Proposed language family

Tolatecan is a proposal by Campbell and Oltrogge (1980) linking two language families of Mesoamerica, Tequistlatecan (Chontal of Oaxaca) and Tol/Jicaque languages of Honduras. Later, Campbell (1997) said that Tolatecan is not likely to be a valid language family.
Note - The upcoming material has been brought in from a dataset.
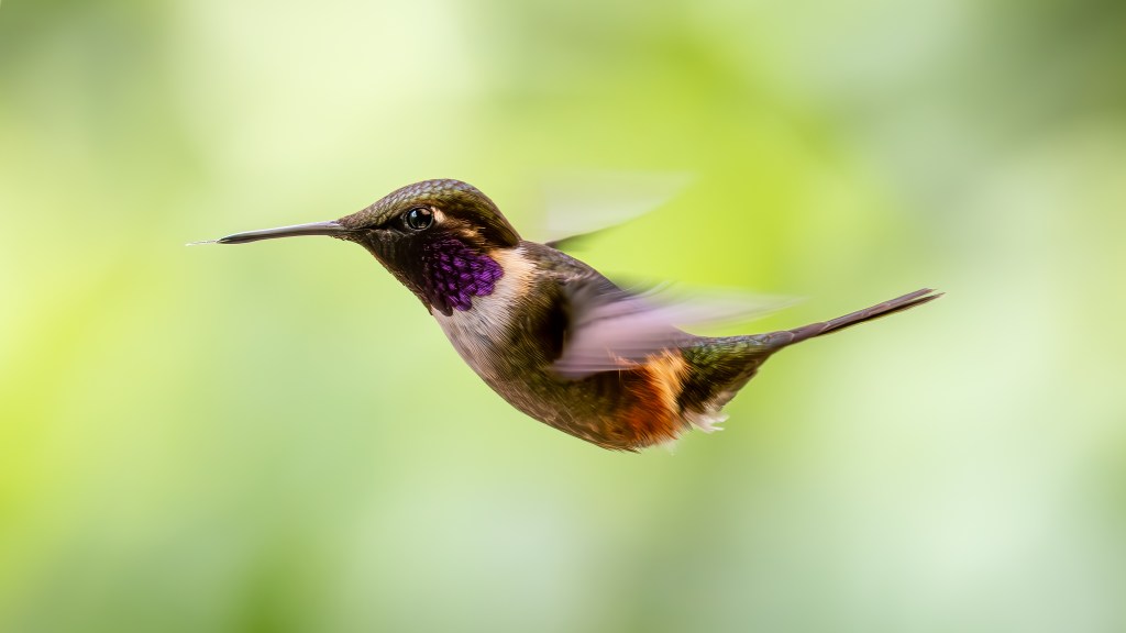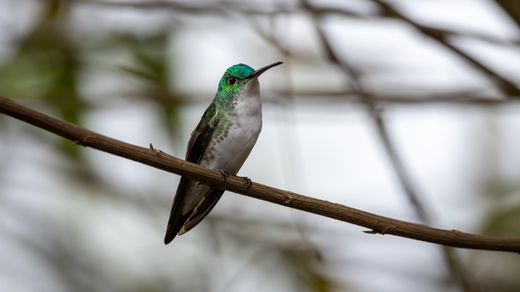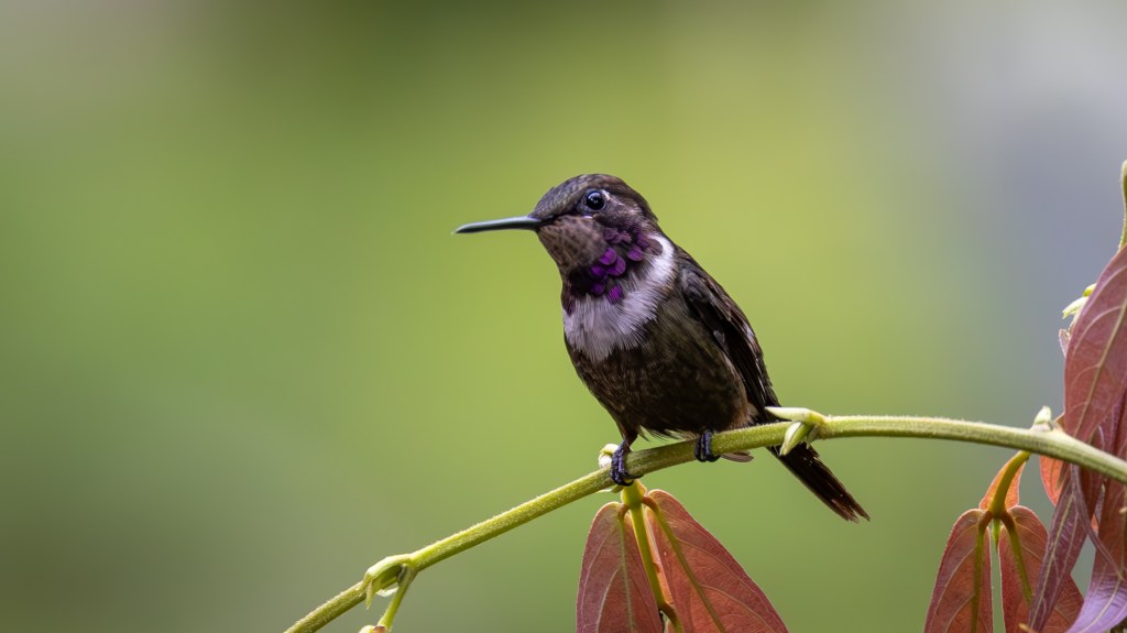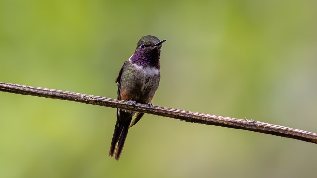 Next came the diminutive ANDEAN EMERALD, a small hummingbird with a glowing green body and snowy white underparts, darting in and out of the feeders with delicate precision. Following close behind was the PURPLE-THROATED WOODSTAR, tiny and bumblebee‑like, its rapid wingbeats producing a soft hum as its throat flashed violet in the shifting light.

Both Tequistlatecan and Tol have been at times also included in the larger Hokan proposal, but without any especial relationship within it.

==Vocabulary==
Below is a comparison of selected basic vocabulary items in Proto-Jicaque and the Tequistlatecan languages.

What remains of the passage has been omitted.